The use of high-frequency sensors on profiling buoys to investigate physical, chemical, and biological processes in lakes is
increasing rapidly. Profiling buoys with automated winches and sensors that collect high-frequency chlorophyll fluorescence
(ChlF) profiles in 11 lakes in the Global Lake Ecological Observatory Network (GLEON) allowed the study of the vertical
and temporal distribution of ChlF, including the formation of subsurface chlorophyll maxima (SSCM). The effectiveness of 3
methods for sampling phytoplankton distributions in lakes, including (1) manual profiles, (2) single-depth buoys, and (3)

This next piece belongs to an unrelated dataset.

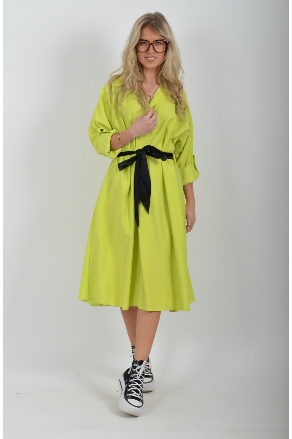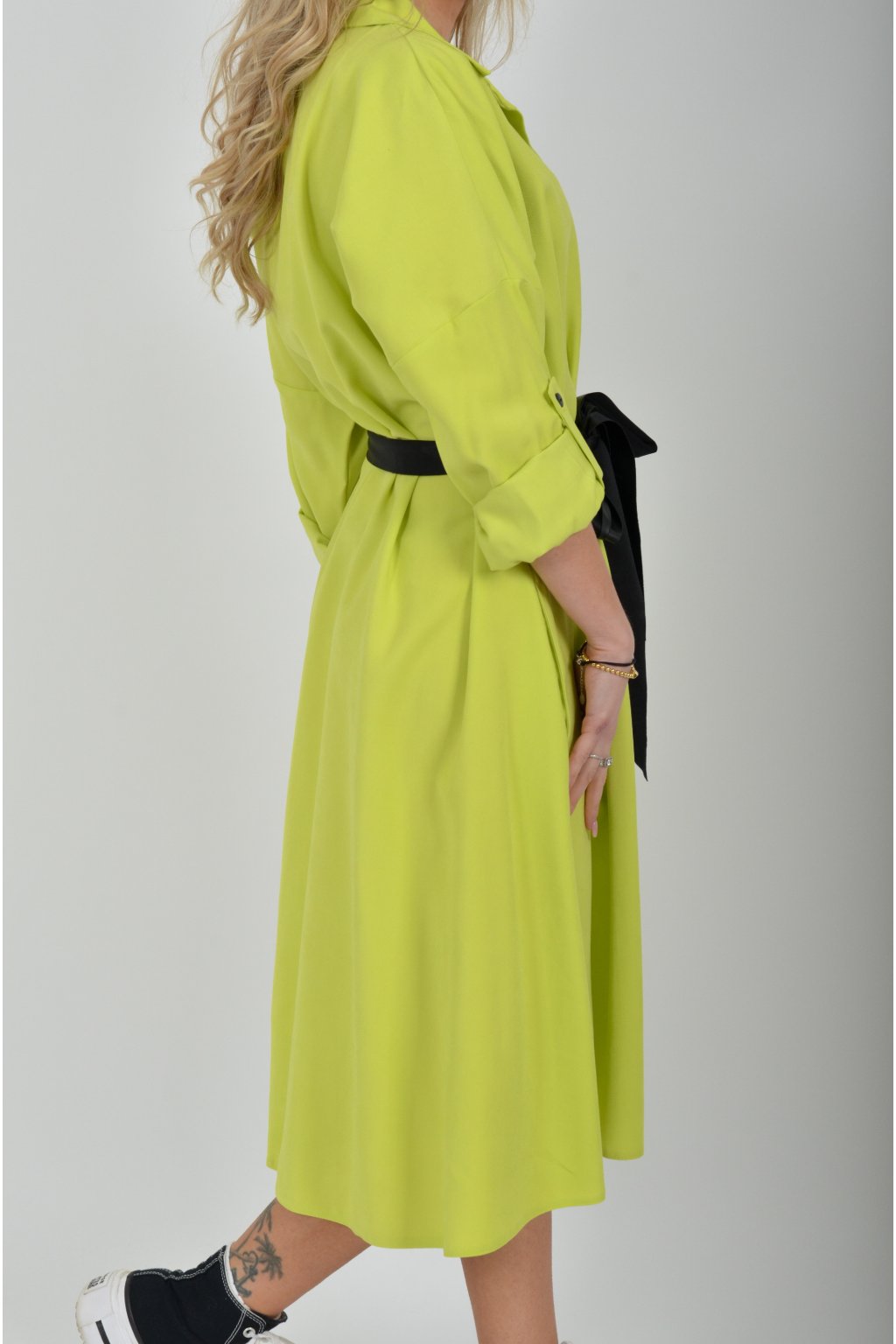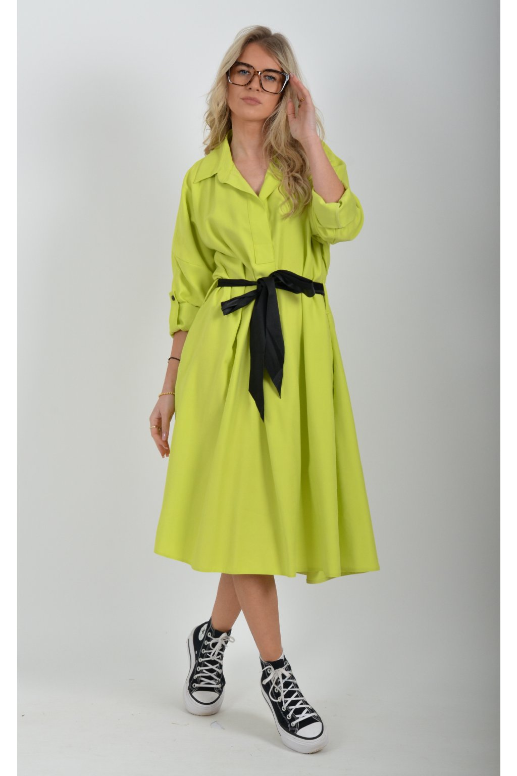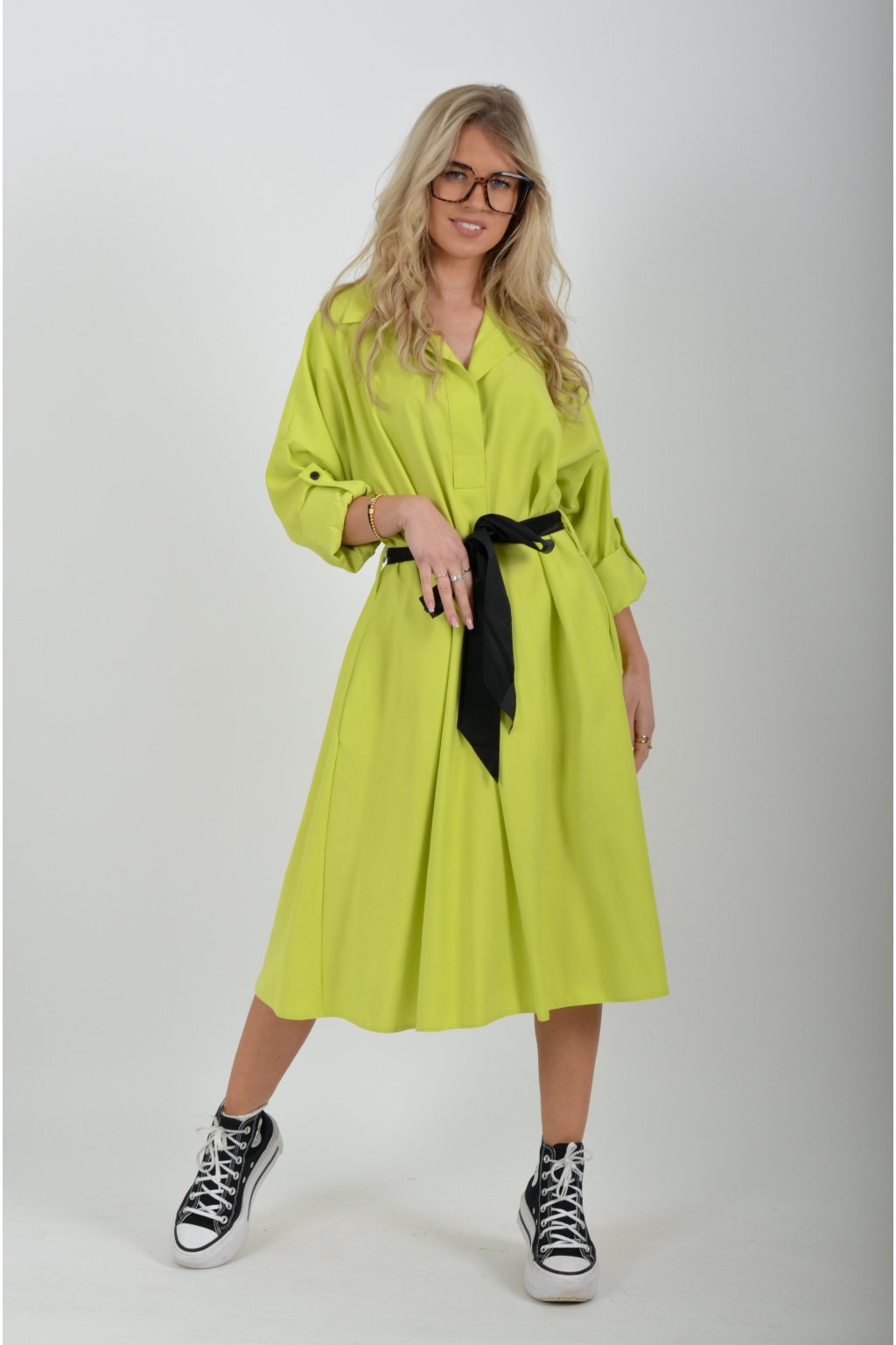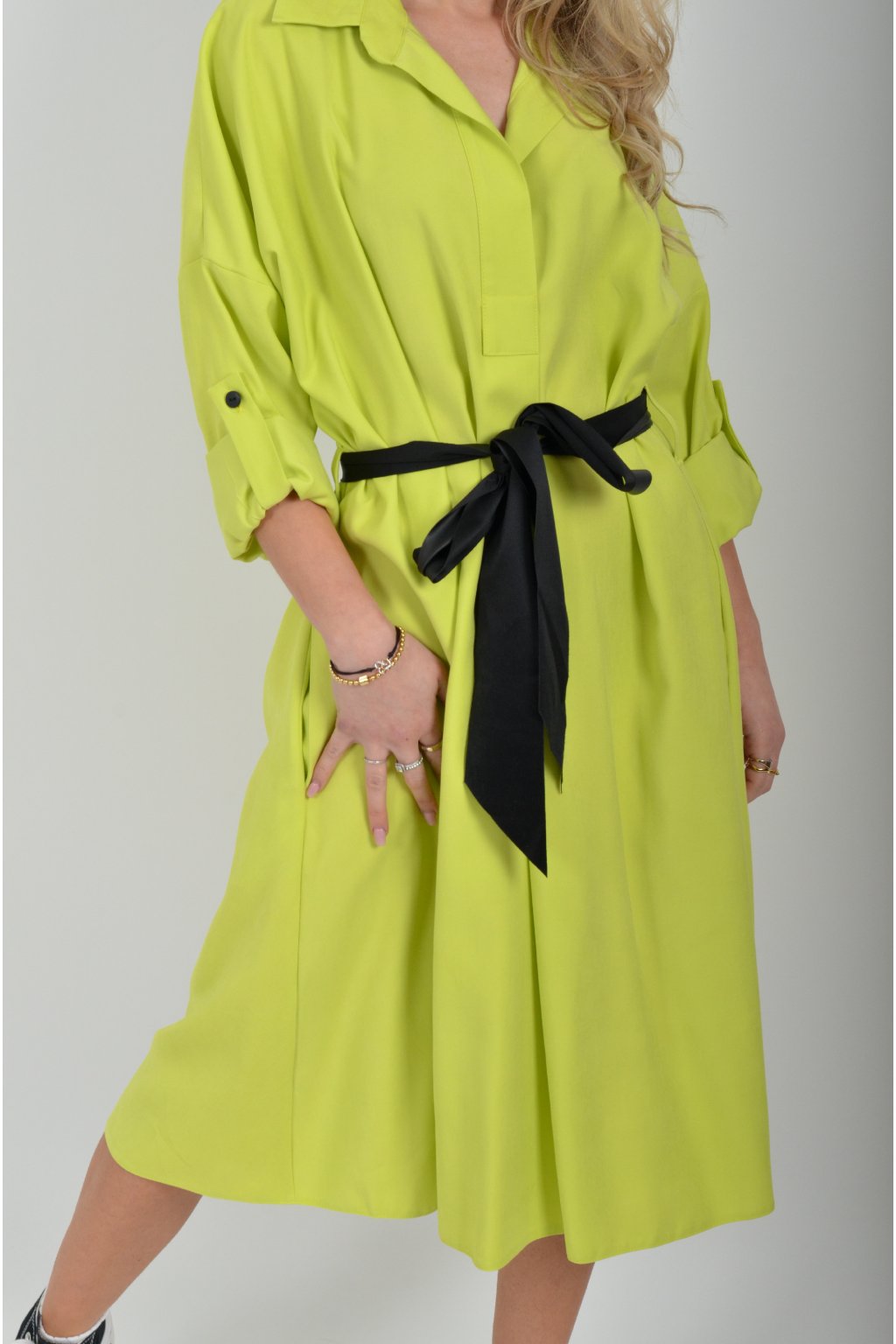Jednou za dámu, jednou jen tak ven, tyto luxusní šaty od značky La Furia splní oboje. Mají košilový áčkový střih s rozevlátou sukní, která je v zadní části mírně delší. Šaty mají na bocích kapsy. Rukávy jsou dlouhé, ale dají se zkrátit na knoflíček. Výrazným doplňkem šatů je pásek s imitací kůže, který můžete jakkoliv vázat a kombinovat. K šatům doporučujeme ozdobnou brož nebo šperky z naší kolekce.

profiling buoys were assessed. High-frequency ChlF surface data and profiles were compared to predictions from the
Plankton Ecology Group (PEG) model. The depth-integrated ChlF dynamics measured by the profiling buoy data revealed a
greater complexity that neither conventional sampling nor the generalized PEG model captured. Conventional sampling
techniques would have missed SSCM in 7 of 11 study lakes. Although surface-only ChlF data underestimated average water
column ChlF, at times by nearly 2-fold in 4 of the lakes, overall there was a remarkable similarity between surface and mean
water column data. Contrary to the PEG model’s proposed negligible role for physical control of phytoplankton during the
growing season, thermal structure and light availability were closely associated with ChlF seasonal depth distribution. Thus,
an extension of the PEG model is proposed, with a new conceptual framework that explicitly includes physical metrics to
better predict SSCM formation in lakes and highlight when profiling buoys are especially informative.